Every component function **must** include this special comment. Only code after this anchor is synced to the platform.

```python
def my_function():
    # Imports and setup code here (NOT synced)
    import os

    # -- BEGIN DEFINITION --
    # Everything after this line IS synced
    result = process_data()
    return result

```

**Why?** This ensures only the core logic is synced, keeping your platform definitions clean and portable.

### The `cache` Parameter

All component functions include a `cache: dict = {}` parameter. This is a **reserved keyword** that is:

- Automatically removed from function inputs during sync (not exposed to end users)
- Commonly used for storing database connections in RAG implementations

**Example from RAG:**

```python
if "sql_cursor_obj" not in cache:
    conn = sqlite3.connect(...)
    cache["sql_cursor_obj"] = conn.cursor()
cursor = cache["sql_cursor_obj"]

```

### Dependency Resolution

When you sync a Pipeline, the system:

1. Inspects the function bytecode to find referenced objects
2. Checks if those objects have `_corridor_metadata`
3. Recursively syncs those dependencies by calling their respective sync handlers
4. Collects the version IDs returned from each sync operation
5. Includes those version IDs in the pipeline payload (e.g., `promptVersionIds`, `foundationModelVersionIds`)

**Example:**

```python
# Define components
import genguardx as ggx
@ggx.Prompt.declare(name='System Prompt')
def system_prompt(*, cache: dict = {}, prompt: str = "You are a helpful assistant."):
    """System instruction for the assistant."""
    # -- BEGIN DEFINITION --
    return prompt

@ggx.Model.declare(name='GPT-4', provider='openai', model='gpt-4', ownership_type='Proprietary', model_type='LLM')
def gpt4(text: str, *, cache: dict = {}):
    """GPT-4 model wrapper."""
    # -- BEGIN DEFINITION --
    # Implementation
    return {"response": "..."}

@ggx.Pipeline.declare(name='Q&A Pipeline', pipeline_type='Chat based - OpenAI Spec')
def qa_pipeline(
    user_message: str,
    history: list[t.TypedDict("T", {'role': str, 'content': str}, total=False)] = (),
    context: t.Optional[dict[str, str]] = None,
    *,
    cache: dict = {}
):
    """Q&A pipeline combining prompt and model."""
    # -- BEGIN DEFINITION --
    prompt = system_prompt()
    response = gpt4(f"{prompt}\n{user_message}")
    return {"output": response["response"]}

# Sync only the pipeline - dependencies sync automatically
ggx.sync(qa_pipeline)

```

---

## Independent vs.

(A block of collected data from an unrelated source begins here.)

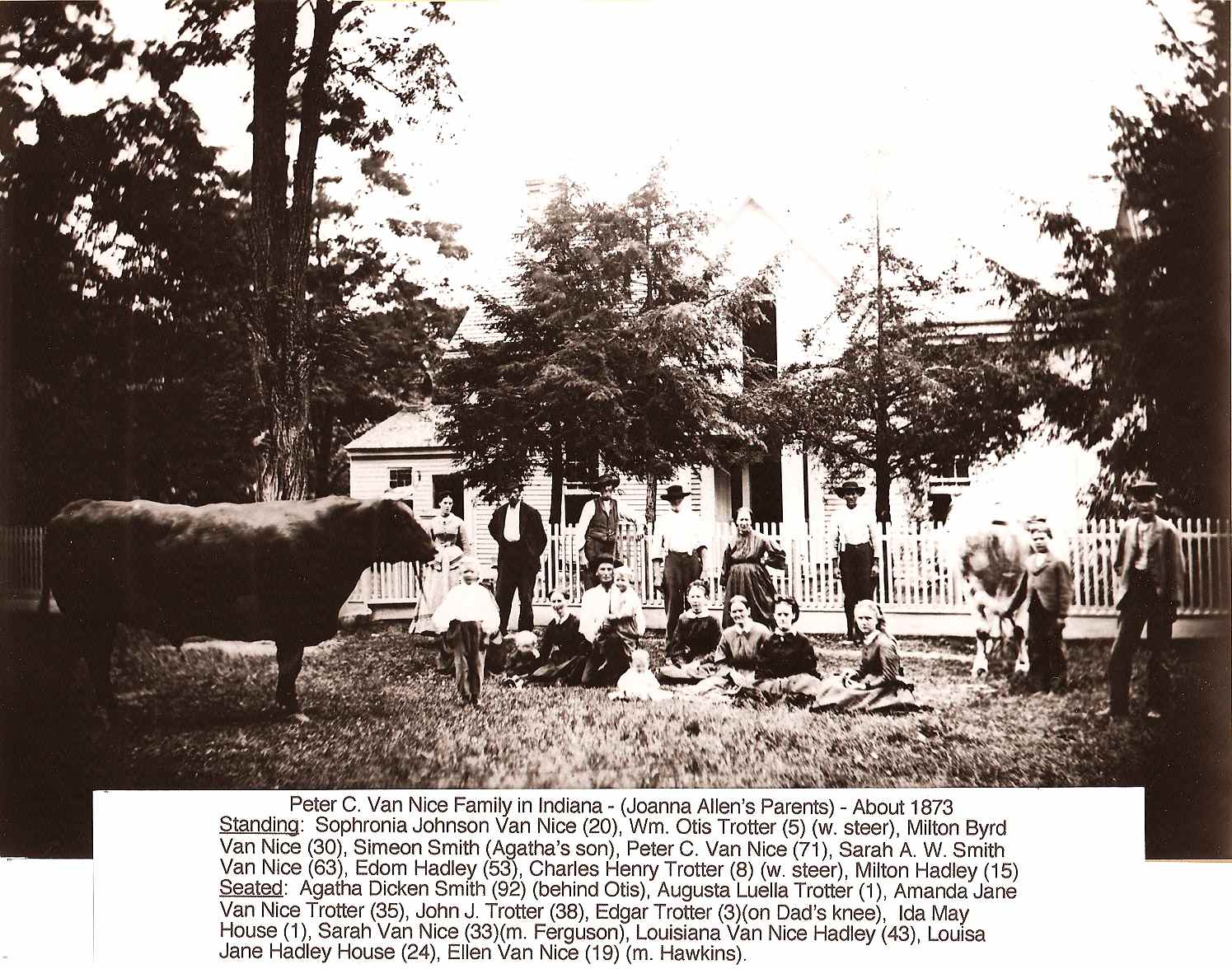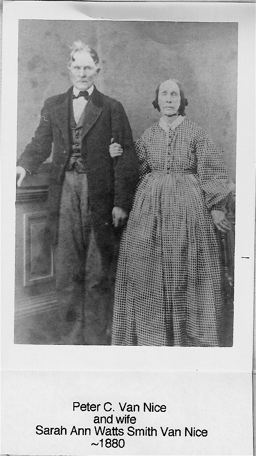 His great, great, great grandson Peter C. Van Nice (1801-1888) was born in Mercer County, Kentucky and married Sarah Ann Watts Smith (1809-1888) in 1828. They moved to Hendricks County, Indiana in 1831 where they lived out their lives, dying within three days of each other.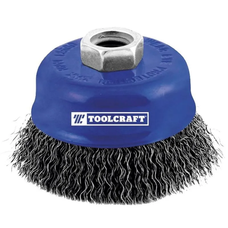 Para limpieza de superficies, para esmeriles de banco, uso profesional, copa rizada, velocidad de 600 RPM, empaque blíster, diàmetro de 3", diàmetro de las cerdas 0.35mm, calibre de 0.35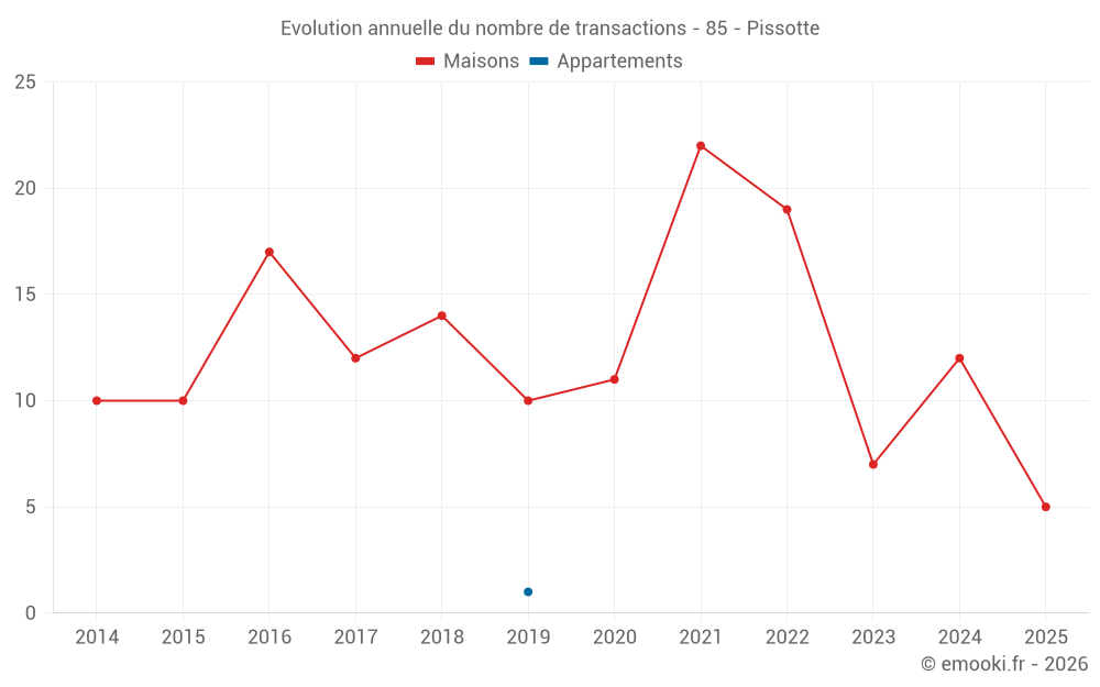 Le prix médian sur les 22 transactions de maisons des 24 derniers mois dans la commune de Pissotte était de 1 062 € par mètre carré pour une valeur foncière médiane de 133 250 €. Sur cette période 60% des transactions se sont situées entre 617 et 2 004 € par mètre carré (du 2ème au 8ème déciles).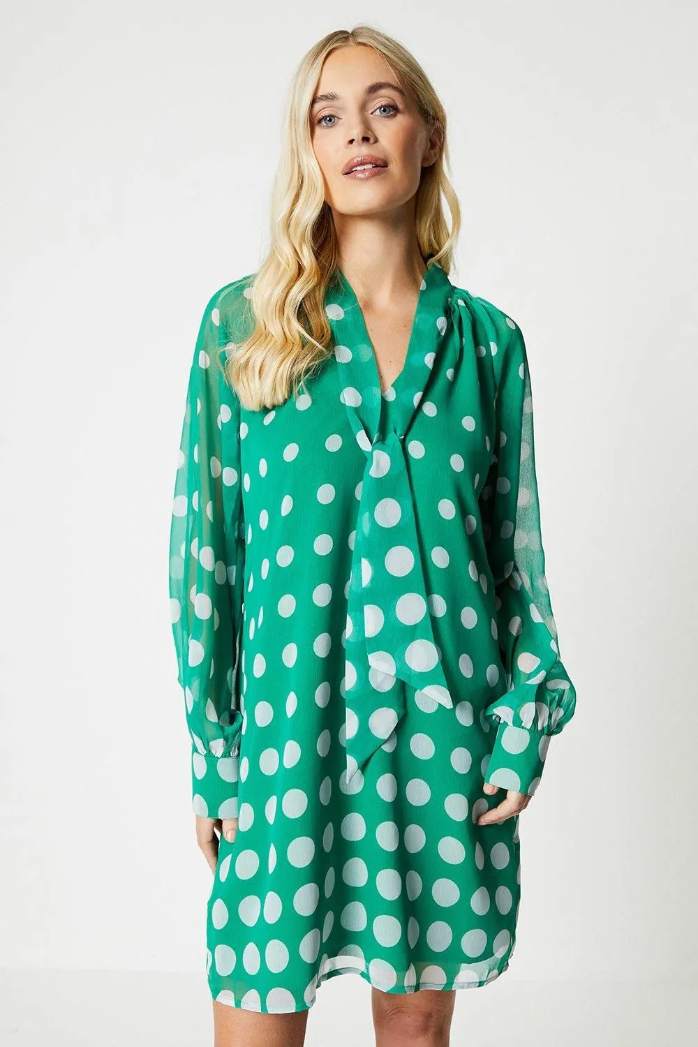 • Petite Spot Chiffon Tie Neck Shift Dress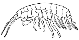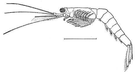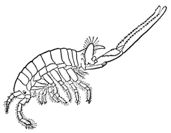 Various kinds of seaweed abound in the more sheltered parts of the rocks, and among them will be found amphipods and isopods, many of which are of species different from those of the sandy beaches. Here, too, is the little Caprella, imitating the seaweed in form, and swaying its lengthened body, which is attached to the plant only by its hind legs. On the seaweeds, as well as in the tide-pool, may be found beautiful hydroids, and on [pg009] them the curious little sea-spiders (Pycnogonidæ), animals which seem to be all legs.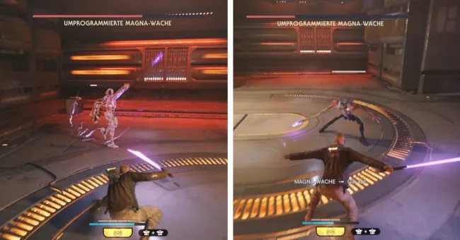 Если противник атакует с многократным разворотом, следует не блокировать, а отступать. Это действие быстро прорвет вашу оборону. В этом случае лучше держать дистанцию и стараться не попасть под удар. Это прекрасная возможность выстрелить в Стража Магна из бластера и нанести ему урон.

Pipeline Usage

### Independent Sync

You can declare and sync components **without** using them in a pipeline:

```python
# Declare a standalone prompt
@ggx.Prompt.declare(name='Greeting Prompt', group='Standalone')
def greeting_prompt(*, cache: dict = {}, prompt: str = "Hello! How can I help you today?"):
    """Greeting message prompt."""
    # -- BEGIN DEFINITION --
    return prompt

# Sync it independently
ggx.sync(greeting_prompt)

```

### Pipeline Integration

Or use components together in a pipeline (they'll sync automatically):

```python
@ggx.Pipeline.declare(name='Greeter Bot', pipeline_type='Chat based - OpenAI Spec')
def greeter_pipeline(
    user_message: str,
    history: list[t.TypedDict("T", {'role': str, 'content': str}, total=False)] = (),
    context: t.Optional[dict[str, str]] = None,
    *,
    cache: dict = {}
):
    """Simple greeter pipeline."""
    # -- BEGIN DEFINITION --
    prompt = greeting_prompt()  # References the prompt
    return {"output": prompt}

ggx.sync(greeter_pipeline)  # Syncs both prompt and pipeline

```

---

## Metadata Parameters Reference

### Common Parameters (All Components)

- `name` (str, optional): Display name on platform. Defaults to function name.
- `group` (str, optional): Organizational grouping. Must exist on platform.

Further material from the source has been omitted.